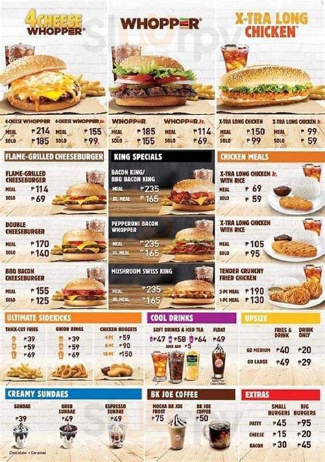 Alright guys, we’ve talked burgers, chicken, and sides, but what’s a meal without a little something sweet to finish it off? Burger King has some delicious options to satisfy your sweet tooth. First up, the Hershey’s Sundae Pie . This is pure chocolatey heaven. It’s a rich, chocolatey pie with a cookie crust, topped with a creamy chocolate frosting and chocolate chips. If you’re a chocolate lover, this is an absolute must-try. It’s decadent, satisfying, and the perfect ending to any savory meal. Another popular choice is the Oreo Cookie Shake . Who doesn’t love a good milkshake? This one is blended with chunks of Oreo cookies, making it thick, creamy, and packed with that classic Oreo flavor. It’s like drinking your favorite cookie – pure bliss! Burger King also offers other shake flavors, like vanilla and chocolate, so you can always get your fix. And let’s not forget about the Cheesecake Bites . These little bites of heaven are perfect for sharing (or not!). They’re creamy, sweet, and offer a delightful cheesecake flavor in a convenient, bite-sized package. They’re a great way to get your dessert fix without committing to a whole pie. Beyond the dedicated desserts, you can also often find soft-serve ice cream options, which are always a good bet for a simple, cool treat. The variety of desserts means you can choose something light or go all out. Maybe a slice of pie is too much, but a few cheesecake bites are just right. Or if you’re really craving something indulgent, that Oreo shake is calling your name. The key is that Burger King offers these sweet treats so you can cap off your meal perfectly. And what about the drinks, you ask? They have all the standard sodas you’d expect – Coke, Diet Coke, Sprite, and so on. But they also often have specialty beverages like iced coffees, frozen slushes, and lemonade, especially during different seasons. These drinks can really enhance your meal and provide that refreshing balance to the savory flavors. So whether you’re craving a chocolate explosion, a cookie-flavored shake, or just a classic soda, Burger King has you covered. Don’t skip the dessert and drink menu – it’s the cherry on top (literally, sometimes!) of your Burger King experience. It’s the final flourish that makes your meal complete and satisfying. So next time you’re there, make sure to leave a little room for something sweet and refreshing!
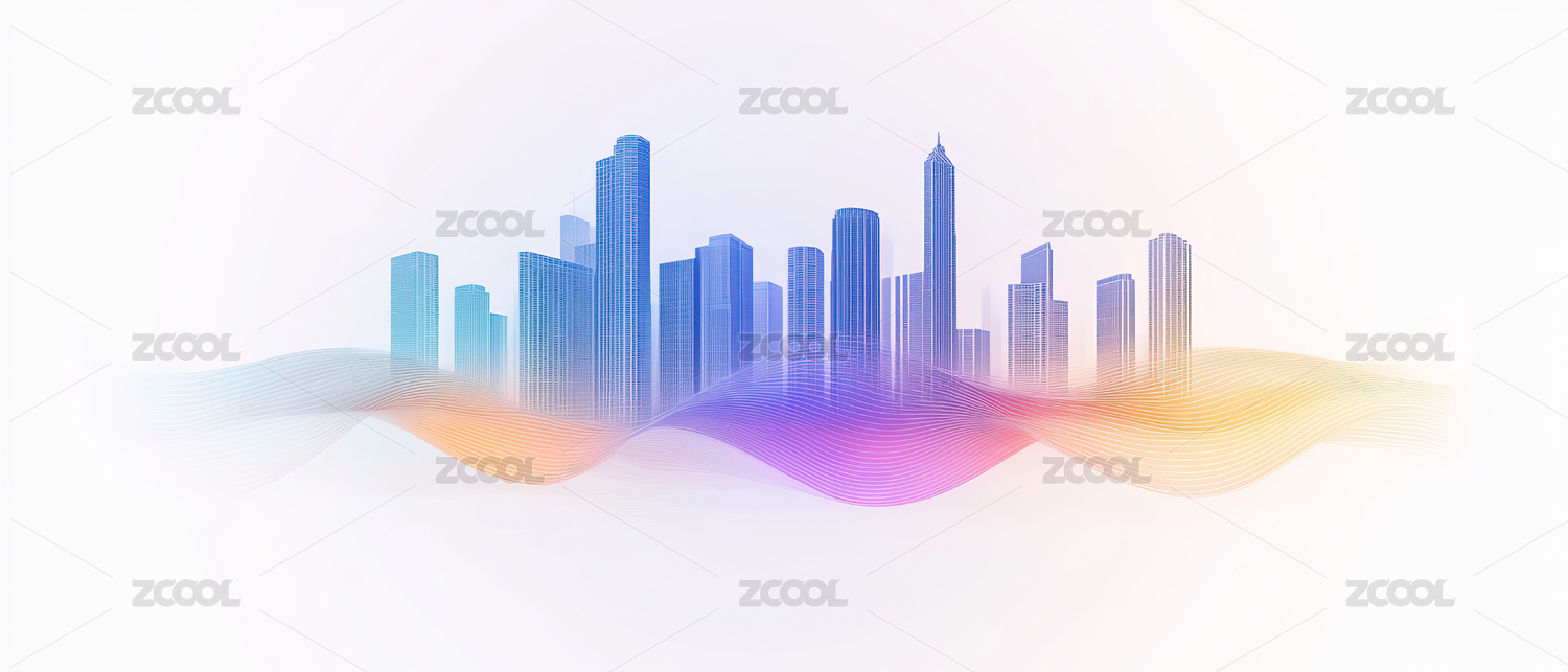 多彩城市建筑弯曲线条背景
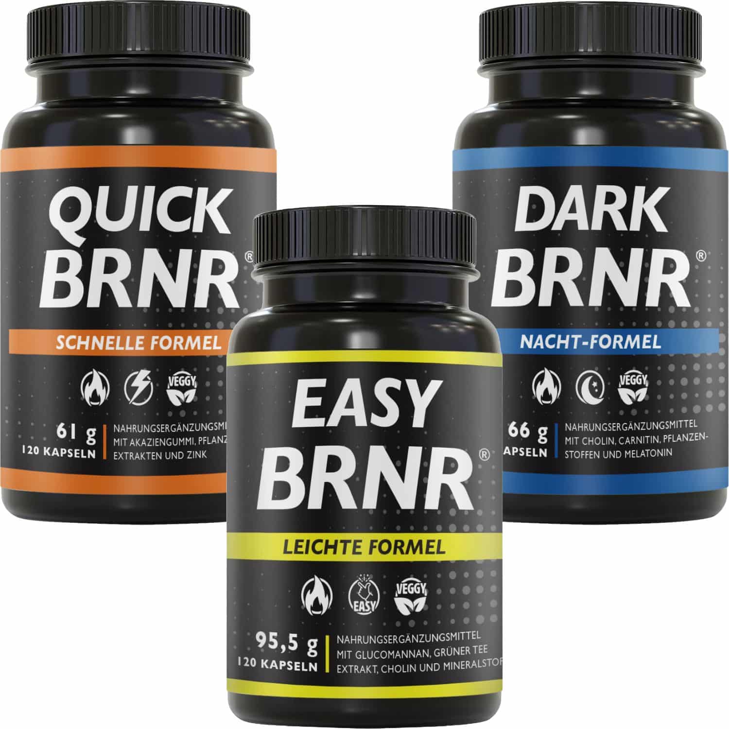 QUICK BRNR enthält typischerweise Pflanzenextrakte wie Grüntee und Guarana zur Stoffwechselanregung. DARK BRNR setzt auf Substanzen wie L-Carnitin und CLA zur Unterstützung der Fettverbrennung. EASY BRNR konzentriert sich auf Ballaststoffe und Verdauungsenzyme zur Förderung der Darmgesundheit und Stoffwechselbalance.

:: Work request ::
All of the data must be set down exactly, with no pictures included.

:: Task solution ::
 Alright guys, we’ve talked burgers, chicken, and sides, but what’s a meal without a little something sweet to finish it off? Burger King has some delicious options to satisfy your sweet tooth. First up, the Hershey’s Sundae Pie . This is pure chocolatey heaven. It’s a rich, chocolatey pie with a cookie crust, topped with a creamy chocolate frosting and chocolate chips. If you’re a chocolate lover, this is an absolute must-try. It’s decadent, satisfying, and the perfect ending to any savory meal. Another popular choice is the Oreo Cookie Shake . Who doesn’t love a good milkshake? This one is blended with chunks of Oreo cookies, making it thick, creamy, and packed with that classic Oreo flavor. It’s like drinking your favorite cookie – pure bliss! Burger King also offers other shake flavors, like vanilla and chocolate, so you can always get your fix. And let’s not forget about the Cheesecake Bites . These little bites of heaven are perfect for sharing (or not!). They’re creamy, sweet, and offer a delightful cheesecake flavor in a convenient, bite-sized package. They’re a great way to get your dessert fix without committing to a whole pie. Beyond the dedicated desserts, you can also often find soft-serve ice cream options, which are always a good bet for a simple, cool treat. The variety of desserts means you can choose something light or go all out. Maybe a slice of pie is too much, but a few cheesecake bites are just right. Or if you’re really craving something indulgent, that Oreo shake is calling your name. The key is that Burger King offers these sweet treats so you can cap off your meal perfectly. And what about the drinks, you ask? They have all the standard sodas you’d expect – Coke, Diet Coke, Sprite, and so on. But they also often have specialty beverages like iced coffees, frozen slushes, and lemonade, especially during different seasons. These drinks can really enhance your meal and provide that refreshing balance to the savory flavors. So whether you’re craving a chocolate explosion, a cookie-flavored shake, or just a classic soda, Burger King has you covered. Don’t skip the dessert and drink menu – it’s the cherry on top (literally, sometimes!) of your Burger King experience. It’s the final flourish that makes your meal complete and satisfying. So next time you’re there, make sure to leave a little room for something sweet and refreshing!
 多彩城市建筑弯曲线条背景
 QUICK BRNR enthält typischerweise Pflanzenextrakte wie Grüntee und Guarana zur Stoffwechselanregung. DARK BRNR setzt auf Substanzen wie L-Carnitin und CLA zur Unterstützung der Fettverbrennung. EASY BRNR konzentriert sich auf Ballaststoffe und Verdauungsenzyme zur Förderung der Darmgesundheit und Stoffwechselbalance.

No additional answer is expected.